Il climatologo presenta a Udine Breve storia del clima in Italia e analizza eventi estremi e soluzioni possibili per il futuro

La redazione
Rilievi e misurazioni sott’acqua compresi nell’attività di ricerca scientifica
Rilievi e misurazioni sott’acqua compresi nell’attività di ricerca scientifica

La storia come maestra di vita. Anche quella del clima, che Luca Mercalli ha ricostruito nel suo ultimo libro, Breve storia del clima in Italia. Dall’ultima glaciazione al riscaldamento globale, dove spazia dalla preistoria alle invasioni barbariche e all’Alto Medioevo, dalle Alpi ai tempi di Annibale fino a quelle di oggi, con la traversata che rese immortale il condottiero cartaginese probabilmente molto più facile, se è vero come è vero che i ghiacciai continuano a risalire e a perdere di spessore. Se in passato erano soltanto le catasfrofi naturali come le eruzioni vulcaniche a incidere sulle variazioni del clima, oggi è l’uomo ad averne cambiato il corso, dando via a un riscaldamento che ha avviato un drammatico countdown.

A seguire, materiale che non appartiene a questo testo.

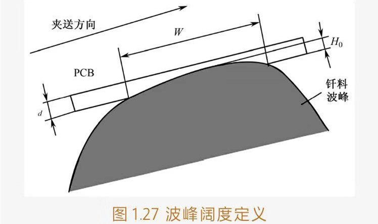 ①定義:當(dāng)波峰高度處于正常作高度Ho(如7~8mm),PCB(板厚為d)位于其上且壓波峰的深度為2d/3時,沿傳送方向PCB下表面與波峰接蝕的長度稱為波峰的闊度。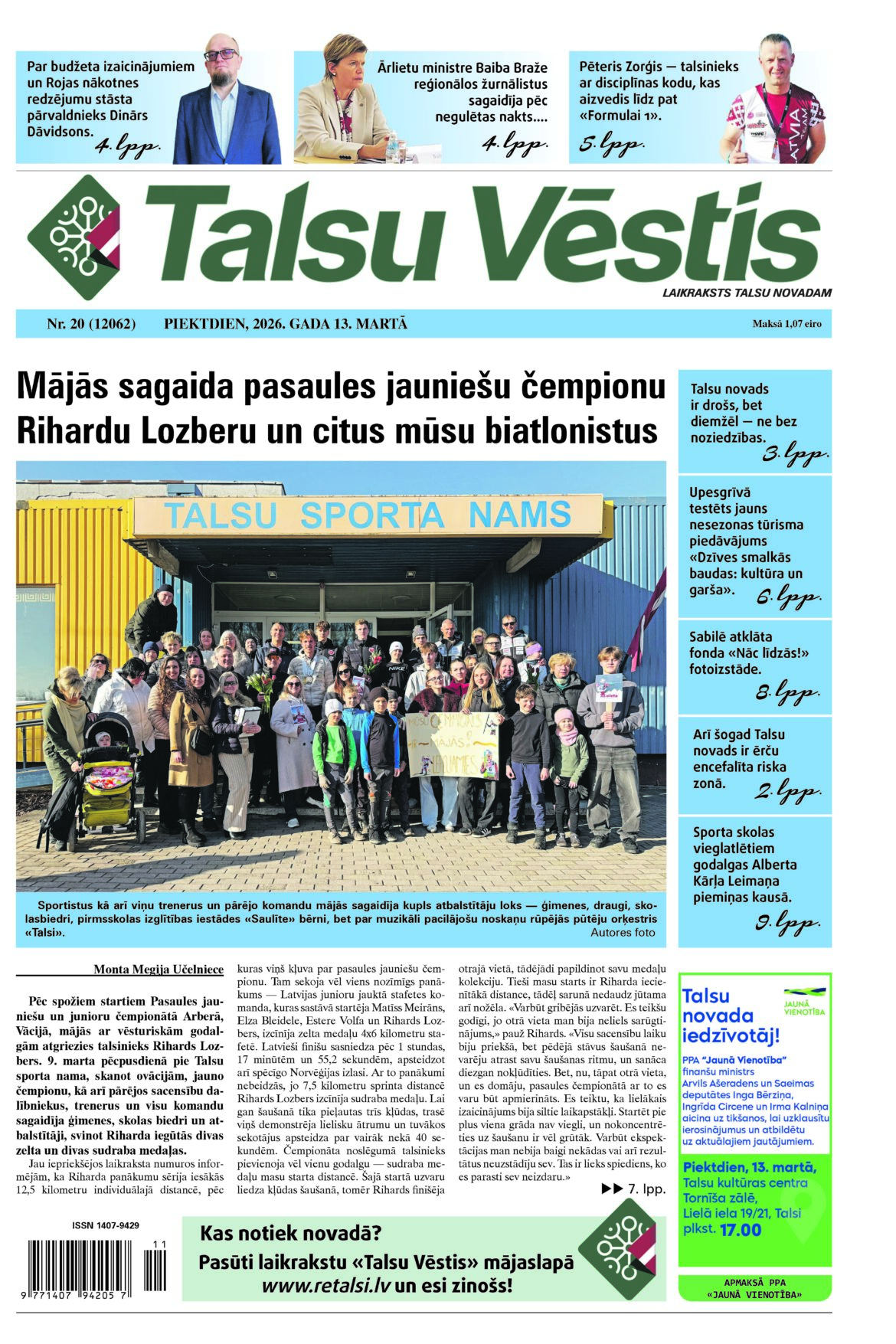«Talsu Vēstis» #20 (12 062) 13-03-2026

«Alla fine del secolo l’Adriatico si alzerà di almeno mezzo metro, e la costiera adriatica che va da Grado a Riccione, passando naturalmente per Venezia, è una delle zone più esposte a livello mondiale agli effetti dei cambiamenti climatici», spiega il climatologo torinese, che oggi sarà a Udine per il convegno “Cambiamenti climatici tra presente e futuro”, in programma alle 15 al polo universitario dei Rizzi, via delle Scienze, su iniziativa del Sindacato pensionati Cgil Fvg. Occasione per riflettere sul futuro del pianeta che lasceremo ai nostri figli e nipoti, ma anche sulle conseguenze già percepibili del riscaldamento globale.

Professor Mercalli, negli ultimi tre anni il Friuli Venezia Giulia ha vissuto due fenomeni che hanno lasciato segni profondi sul territorio, dalla grande siccità del 2022 alla grandinata del luglio 2023. Quanto sono stati straordinari questi eventi se comparati al passato?

«La siccità del 2022 è stata la peggiore degli ultimi 220 anni, la grandinata del 2023 ha visto chicchi di dimensioni colossali: i danni li abbiamo visti a Mortegliano, e il chicco da un chilo caduto su Azzano Decimo è il più grande mai raccolto in Europa».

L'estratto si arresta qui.